A man has been charged in connection with the death of queer journalist Joe Drennan, who died in a hit-and-run incident in October.
Drennan, 21, was a student at the University of Limerick in Ireland and a journalist for GCN (Gay Community News), regularly covering Irish activism and LGBTQ+ pop culture stories.
Drennan had been waiting at a bus stop in Limerick on Friday, 13 October 2023 at around 9.30pm when he was hit by a car and killed. The driver of the car failed to remain at the scene.
A Limerick man has been charged in connection with the death of journalist Joe Drennan in a fatal hit-and-run.(NurPhoto/Getty Images)
Suspect Kieran Fogarty, 20, was arrested by Gardai (Irish police) on Tuesday morning, (16 January), brought before Limerick District Court, and charged with dangerous driving causing the death of Drennan, as well as driving without insurance or a license, the Irish Examiner reports.

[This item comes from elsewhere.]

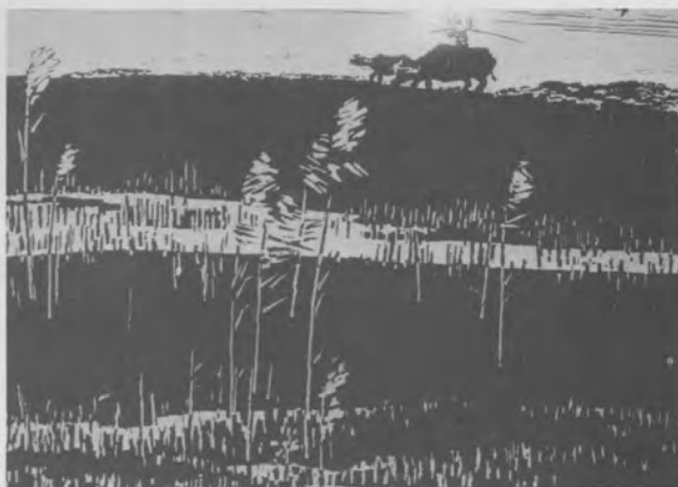
Herding in Autumn.

Later that same day at a bail hearing, the court heard from Detective Shane O’Neill who described how, moments before the hit-and-run incident, Fogarty was witnessed driving a BMW “dangerously” and “at speed”.

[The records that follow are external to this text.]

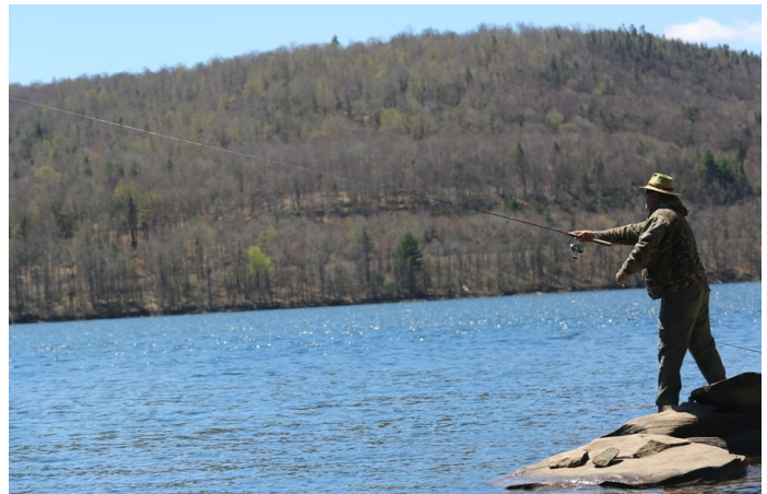
An angler at Rondout Reservoir.

In the interest of protecting the environment, please remember to do your part. If you carry it in, carry it out! I want to wish you a good year of fishing in 2016!
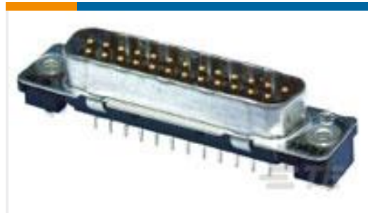
TE Part #5747872-4 15 PLUG SP/FMS STD
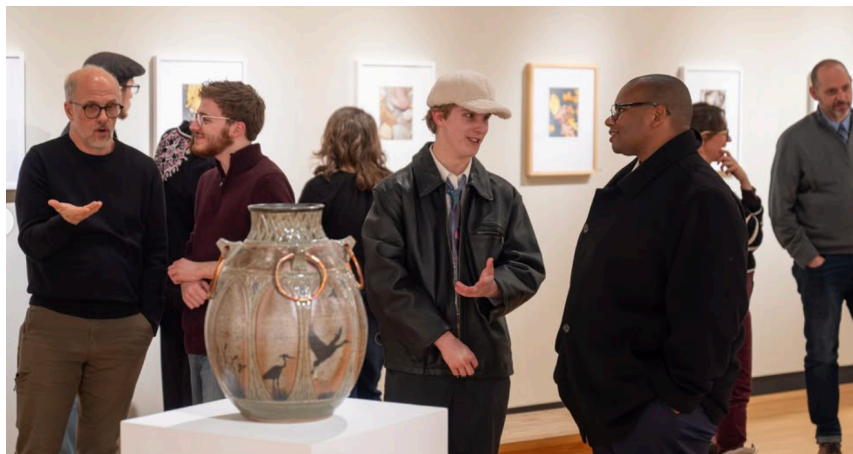
Ortlip Gallery Show

O’Neill said that the BMW “driven by Kieran Fogarty” overtook a patrol car at speed, prompting officers to activate the car’s sirens and follow him from a “safe distance,” The Journal reports.
He went on to describe how the BMW ran a red light and collided with a white Volkswagen car, injuring the driver and front seat passenger.
Detective O’Neill alleged that Fogarty then “lost control” of the car and mounted a kerb near a bus stop, fatally hitting Joe Drennan.
Kieran Fogarty has been slapped with three charges in connection with the hit-and-run incident that killed journalist Joe Drennan. (Artur Widak/NurPhoto via Getty)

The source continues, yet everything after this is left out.